GetThere is a corporate travel reservation system that is owned by Sabre Corporation. GetThere first started in 1995 as a company named Internet Travel Network (itn.net) founded by Dan Whaley, Al Whaley and Bruce Yoxsimer. It changed its name to GetThere and went public on NASDAQ under the ticker GTHR in November 1999 and was acquired by Sabre in August 2000 for $757 million. Following the acquisition, GetThere merged with the Sabre Business Travel Solutions system. It is now a part of Sabre Travel Network. The first airline reservation (SFO-LAS) ever made over the World Wide Web was made on June 5, 1995 through an ITN server in Palo Alto, CA.

Current Status 

Thousands of companies in 95 countries use GetThere. In 2012, GetThere managed $9.6 billion in online corporate spend. Each month, 5 million unique users visit GetThere to shop and book a business trip or meeting.

GetThere has SaaS-based architecture and is a global tool available in 16 languages. GetThere offers more than 3,000 configurable site options.

GetThere serves thousands of large multinational and mid-size corporations. From 2000–2016, a GetThere customer was recognized with one of the Business Travel News Travel Manager of the Year or Best Practitioner awards.
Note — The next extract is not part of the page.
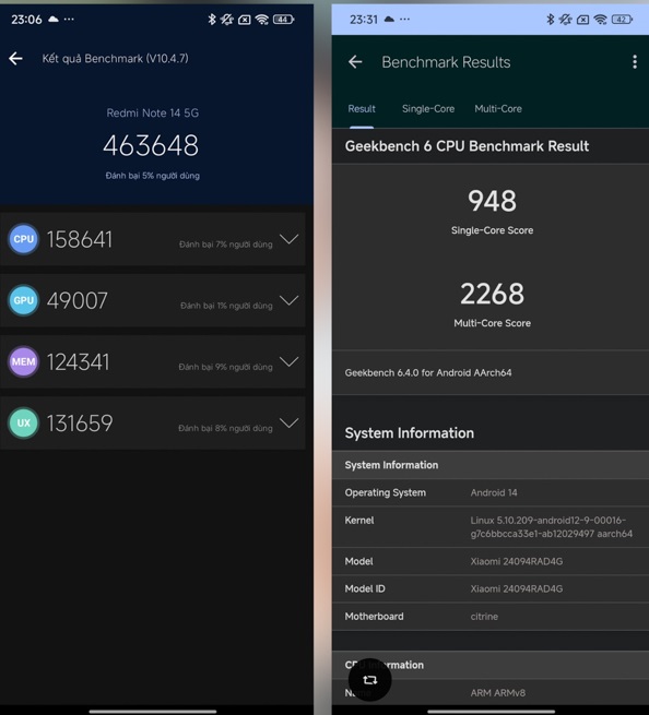 Kết quả chấm điểm AnTuTu cho thấy Redmi Note 14 5G đạt 463,648 điểm, Geekbench 6 đạt 948 điểm đơn nhân, 2,268 điểm đa nhân. Điểm số này không quá nổi bật, sẽ phù hợp với các sản phẩm dưới 6 triệu hơn là các sản phẩm hơn 7 triệu.

In 2012, GetThere announced two new lines of business: Global Specialty Services, which includes benchmarking for corporate travel and procurement programs, and Sabre Virtual Meetings, a global reservation system for booking and scheduling public and corporate-owned high-definition video conferencing rooms.

Products 
GetThere's on-demand software as a service (SaaS) solutions include:

 GetThere: web and mobile solutions for corporate travel management. It includes corporate travel booking and reporting.
 GetThere Mobile for smartphones: mobile web application to check itinerary, book hotels, and book airfare.